Source data START
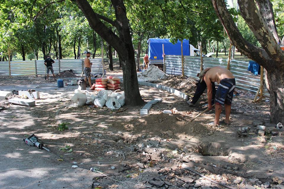 Кроме восстановление старого объекта рабочие заняты и созданием нового. Так, параллельно с реставрацией туалета строители начали работы над оборудованием нового культурного «комплекса». В скором времени в парке появится так называемая Аллея выпускников. На ней обещают разместить фонари с кованными элементами и лавочки, стилизованные под музыкальные инструменты. К слову, её обещают закончить так же к 7 октября.
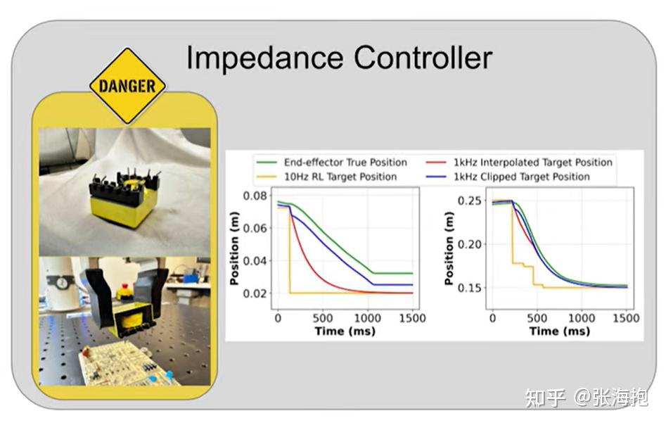 其中 e 表示当前位姿和目标位姿的差值。第一项是主要的控制项,第二项为了抑制震荡,后面还有前馈补偿、动态补偿、离心力补偿等。在此基础上,文章还对于误差 e 做了截断,可以有效防止任务执行的时候损坏道具。比如下图中左边的曲线就展示了如果某个位置被挡住的话,就不会完全执行。
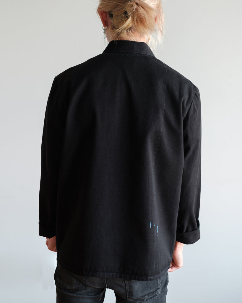 The fabric is a mid to heavyweight cotton twill with dark blue stitching, structured and durable. It is in great condition, with no noticeable wear and tear. The fabric of the garment also has a unique feature—a single white warp thread—deliberately cut to run vertically on each panel (front, back, pockets, sleeves). The embroidery complements this fabric detail.
Source data END
Problem to work on: Reproduce every line above exactly, pictures excluded.

Task result:
 Кроме восстановление старого объекта рабочие заняты и созданием нового. Так, параллельно с реставрацией туалета строители начали работы над оборудованием нового культурного «комплекса». В скором времени в парке появится так называемая Аллея выпускников. На ней обещают разместить фонари с кованными элементами и лавочки, стилизованные под музыкальные инструменты. К слову, её обещают закончить так же к 7 октября.
 其中 e 表示当前位姿和目标位姿的差值。第一项是主要的控制项,第二项为了抑制震荡,后面还有前馈补偿、动态补偿、离心力补偿等。在此基础上,文章还对于误差 e 做了截断,可以有效防止任务执行的时候损坏道具。比如下图中左边的曲线就展示了如果某个位置被挡住的话,就不会完全执行。
 The fabric is a mid to heavyweight cotton twill with dark blue stitching, structured and durable. It is in great condition, with no noticeable wear and tear. The fabric of the garment also has a unique feature—a single white warp thread—deliberately cut to run vertically on each panel (front, back, pockets, sleeves). The embroidery complements this fabric detail.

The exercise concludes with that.